I had the honor of being the first person to interview Spencer for Backstage West in 2005, something she has kindly always remembered. At the time, she was getting used to being recognized in public and seeing her quips used in ads. “I realized I was always getting the good lines when I would see them in the trailer,” she said then. “My family would get excited, thinking I had a big part. I had to tell them, ‘If you’ve seen the trailer, you’ve seen my part.’”

On the Stage

In 2003, I had the pleasure of catching a play in Los Angeles,
Del Shores’ “Trials and Tribulations of a Trailer Trash Housewife,” a four-person show about an abused woman living in a trailer park. The theater held fewer than 75 seats and the stage couldn’t have taken up more than 30×30 feet, barely enough to contain all the brimming star power on stage: the cast included future Spirit Award winner Dale Dickey and Beth Grant, who has gone on to become one of our most beloved character actors. Spencer made her stage debut as the best friend of the title character, and even then, it was obvious she was a star. With her wide, expressive eyes and ability to snap off one-liners like a Gatling gun, she was a natural-born scene-stealer. She later reprised the role for the film adaptation. Shockingly, that was Spencer’s first and, to this date, only, play.

The Turning Point
Spencer reportedly beat out some Oscar-nominated names to land the coveted role of Minny in the film adaptation of the bestselling book “The Help.” It probably didn’t hurt that author Kathryn Stockett based the role loosely on Spencer, after meeting her through mutual friend Tate Taylor — Spencer’s former roommate and the film’s director. (In the novel, Minny even has a sister named Octavia.) But Spencer was quick to dispense the notion that the character was based too much on her. “That would be a disservice to Kathryn, who built this amazing character,” she said at the time, while admitting they have some things in common. “I say it jokingly, but it’s true: Minny is short and round; I am short and round. Minny speaks her mind all the time; I don’t have a problem speaking my mind.”

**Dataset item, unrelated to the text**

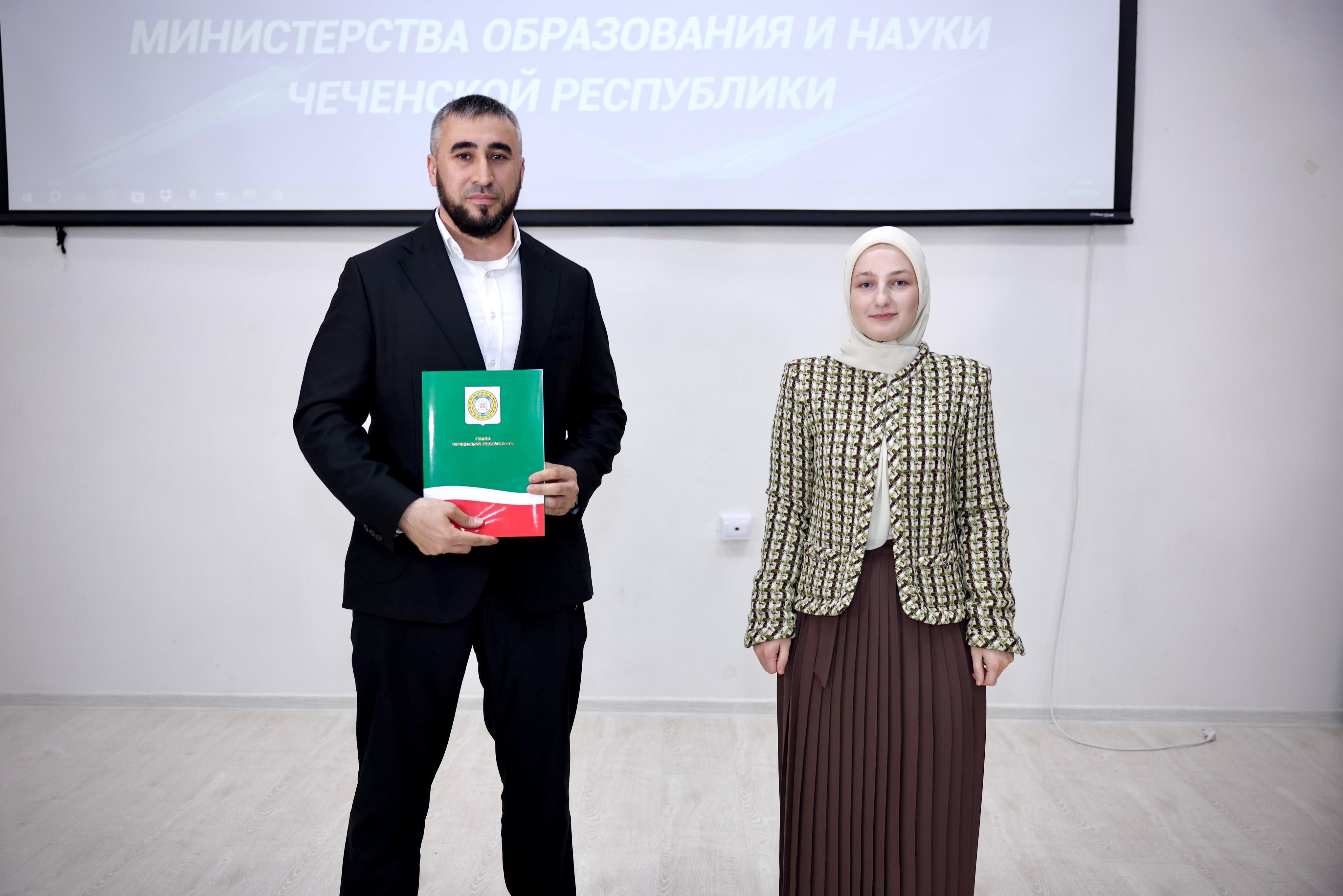 Первый заместитель Руководителя Администрации Главы и Правительства ЧР по взаимодействию с социальным блоком Хадижат Рамзановна Кадырова вручила заместителю Мэра - начальнику Департамента образования Мэрии г. Грозного Зелимхану Ахматову благодарственное письмо Главы ЧР, Героя России Рамзана Ахматовича Кадырова «За заслуги в развитии национальной культуры, вклад в сохранение чеченского языка, безупречную добросовестную работу и в связи с Днем чеченского языка».

Spencer won an Oscar for the role, then found herself nominated for two other big crowd-pleasers: playing scientist Dorothy Vaughan in 2016’s “Hidden Figures” and a cleaning woman in a secret government laboratory in 2017’s “The Shape of Water.” Interestingly, all three films are set in the 1960s. And Spencer herself has joked about the trajectory: “I played a maid, then a scientist, then a cleaning woman at a science lab.” But Spencer also brought intricate layers to all the characters, women who were all ahead of their time.

The Small Screen

Octavia Spencer Allison Janney
Octavia Spencer Allison Janney

Spencer has dabbled in television before; after winning the Oscar she performed an arc on “Mom” as a recovering alcoholic opposite her good friend Allison Janney. In 2014, she starred in the Fox series “The Red Band Society,” which counted Steven Spielberg among its producers. She also produces and stars as an investigative reporter/podcaster in the Apple TV series “Truth Be Told,” which has just been renewed for a second season.

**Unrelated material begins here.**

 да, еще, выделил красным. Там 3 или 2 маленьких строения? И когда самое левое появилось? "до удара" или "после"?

She hosted “Saturday Night Live” in 2017; something she once said she was too terrified to do. She excelled on the show for the same reason she stood out in so many movies — her total commitment to every moment, her naturally engaging personality and her willingness to try anything. Highlight: as a trainee at a Sticky Buns shop, she’s told to make conversation with the customers, causing her to blurt out to one: “Do you like being white?”

Behind the Scenes
One of the charitable organizations Spencer is involved with is City Year, a member of the AmeriCorps network, designed to help students and schools. Spencer is on its L.A. board and spoke about them in her 2017 Variety’s Power of Women speech, thanking them for “your commitment to education and for helping to keep at-risk students in school and on track to graduate.”

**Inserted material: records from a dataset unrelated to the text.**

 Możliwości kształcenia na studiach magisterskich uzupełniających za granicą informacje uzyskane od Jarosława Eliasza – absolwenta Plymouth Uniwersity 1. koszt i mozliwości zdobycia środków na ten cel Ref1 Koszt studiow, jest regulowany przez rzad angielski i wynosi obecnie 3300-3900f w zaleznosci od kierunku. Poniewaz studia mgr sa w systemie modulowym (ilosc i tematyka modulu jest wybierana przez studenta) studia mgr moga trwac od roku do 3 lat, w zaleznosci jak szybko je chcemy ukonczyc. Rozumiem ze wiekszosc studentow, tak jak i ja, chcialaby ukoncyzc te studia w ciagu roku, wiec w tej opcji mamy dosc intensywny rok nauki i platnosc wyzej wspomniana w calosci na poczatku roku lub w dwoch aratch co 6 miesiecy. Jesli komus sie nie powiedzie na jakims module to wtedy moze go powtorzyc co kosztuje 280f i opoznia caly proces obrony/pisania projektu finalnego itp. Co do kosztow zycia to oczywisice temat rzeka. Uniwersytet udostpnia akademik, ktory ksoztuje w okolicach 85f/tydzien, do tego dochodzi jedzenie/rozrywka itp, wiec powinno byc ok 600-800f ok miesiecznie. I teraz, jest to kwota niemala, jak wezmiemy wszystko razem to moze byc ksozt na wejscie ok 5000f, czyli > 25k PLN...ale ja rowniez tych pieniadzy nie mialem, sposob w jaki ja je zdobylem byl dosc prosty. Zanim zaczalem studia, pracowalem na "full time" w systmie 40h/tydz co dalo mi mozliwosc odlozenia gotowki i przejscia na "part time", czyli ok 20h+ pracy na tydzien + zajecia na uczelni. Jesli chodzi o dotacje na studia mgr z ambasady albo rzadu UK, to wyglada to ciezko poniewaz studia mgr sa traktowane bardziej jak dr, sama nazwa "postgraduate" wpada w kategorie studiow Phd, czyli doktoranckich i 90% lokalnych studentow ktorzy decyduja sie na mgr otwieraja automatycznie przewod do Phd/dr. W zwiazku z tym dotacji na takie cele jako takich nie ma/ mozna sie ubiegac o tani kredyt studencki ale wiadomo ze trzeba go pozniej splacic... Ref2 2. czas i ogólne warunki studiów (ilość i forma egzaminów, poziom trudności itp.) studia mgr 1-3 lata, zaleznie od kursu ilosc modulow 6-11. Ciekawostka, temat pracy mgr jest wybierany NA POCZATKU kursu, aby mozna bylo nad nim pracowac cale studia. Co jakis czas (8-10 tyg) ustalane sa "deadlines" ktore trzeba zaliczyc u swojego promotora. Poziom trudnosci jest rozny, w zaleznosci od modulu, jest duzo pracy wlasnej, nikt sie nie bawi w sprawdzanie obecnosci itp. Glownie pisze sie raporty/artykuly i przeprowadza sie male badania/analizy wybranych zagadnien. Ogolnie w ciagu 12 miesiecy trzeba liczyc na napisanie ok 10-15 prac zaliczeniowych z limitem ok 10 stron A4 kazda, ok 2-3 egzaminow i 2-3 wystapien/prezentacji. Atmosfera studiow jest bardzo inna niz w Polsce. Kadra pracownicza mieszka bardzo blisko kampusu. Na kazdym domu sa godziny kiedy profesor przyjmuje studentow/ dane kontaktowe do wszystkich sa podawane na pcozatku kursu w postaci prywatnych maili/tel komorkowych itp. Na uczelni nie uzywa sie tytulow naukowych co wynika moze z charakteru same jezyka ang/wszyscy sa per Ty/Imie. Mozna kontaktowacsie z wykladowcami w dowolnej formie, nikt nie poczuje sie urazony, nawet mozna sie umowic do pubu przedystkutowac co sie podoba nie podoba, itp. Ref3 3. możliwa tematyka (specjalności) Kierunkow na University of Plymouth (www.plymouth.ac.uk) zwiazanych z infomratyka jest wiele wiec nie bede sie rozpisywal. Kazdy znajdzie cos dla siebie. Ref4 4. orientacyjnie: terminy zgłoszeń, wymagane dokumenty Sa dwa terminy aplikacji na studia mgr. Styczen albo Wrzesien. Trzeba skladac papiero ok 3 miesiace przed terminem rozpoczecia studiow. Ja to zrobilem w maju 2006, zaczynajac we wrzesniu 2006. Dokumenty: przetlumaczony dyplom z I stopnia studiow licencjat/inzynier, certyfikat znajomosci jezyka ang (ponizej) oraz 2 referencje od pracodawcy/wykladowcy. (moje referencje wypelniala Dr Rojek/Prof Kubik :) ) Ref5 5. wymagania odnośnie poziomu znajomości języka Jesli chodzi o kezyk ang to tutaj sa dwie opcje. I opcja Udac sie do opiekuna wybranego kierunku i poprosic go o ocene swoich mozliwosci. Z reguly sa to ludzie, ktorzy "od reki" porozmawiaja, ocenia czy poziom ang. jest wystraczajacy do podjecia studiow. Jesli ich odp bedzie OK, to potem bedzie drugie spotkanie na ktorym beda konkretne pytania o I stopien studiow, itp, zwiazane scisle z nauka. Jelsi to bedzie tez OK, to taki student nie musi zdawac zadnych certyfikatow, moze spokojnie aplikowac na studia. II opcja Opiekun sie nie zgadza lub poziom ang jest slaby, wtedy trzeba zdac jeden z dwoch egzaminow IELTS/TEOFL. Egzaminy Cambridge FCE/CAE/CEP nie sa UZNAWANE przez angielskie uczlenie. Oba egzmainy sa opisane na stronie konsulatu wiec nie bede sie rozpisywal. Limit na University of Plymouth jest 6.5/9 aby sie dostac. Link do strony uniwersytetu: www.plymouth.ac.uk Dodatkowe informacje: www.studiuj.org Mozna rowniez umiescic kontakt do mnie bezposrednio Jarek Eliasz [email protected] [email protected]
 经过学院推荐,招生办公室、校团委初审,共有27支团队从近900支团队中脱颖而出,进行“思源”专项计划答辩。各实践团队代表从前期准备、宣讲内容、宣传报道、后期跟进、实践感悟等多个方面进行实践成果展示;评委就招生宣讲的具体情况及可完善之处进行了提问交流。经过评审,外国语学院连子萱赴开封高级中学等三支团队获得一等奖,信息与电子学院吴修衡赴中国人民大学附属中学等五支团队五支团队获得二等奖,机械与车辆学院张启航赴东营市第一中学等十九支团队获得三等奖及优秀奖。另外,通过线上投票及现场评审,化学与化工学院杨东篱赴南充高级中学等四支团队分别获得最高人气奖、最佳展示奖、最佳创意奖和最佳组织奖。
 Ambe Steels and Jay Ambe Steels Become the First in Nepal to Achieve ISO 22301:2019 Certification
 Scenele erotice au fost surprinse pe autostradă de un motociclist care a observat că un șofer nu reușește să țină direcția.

She added: “City Year’s work … brings to mind Robert Kennedy’s inspiring words: ‘Each time a man’ — and I would offer, or woman — ‘stands up for an ideal or acts to improve the lot of others or strikes out against injustice, he sends forth tiny ripple of hope.’ I’d like to thank City Year for your ripples in society’s ocean. Because in my mind, a sound education can turn the tides of poverty.”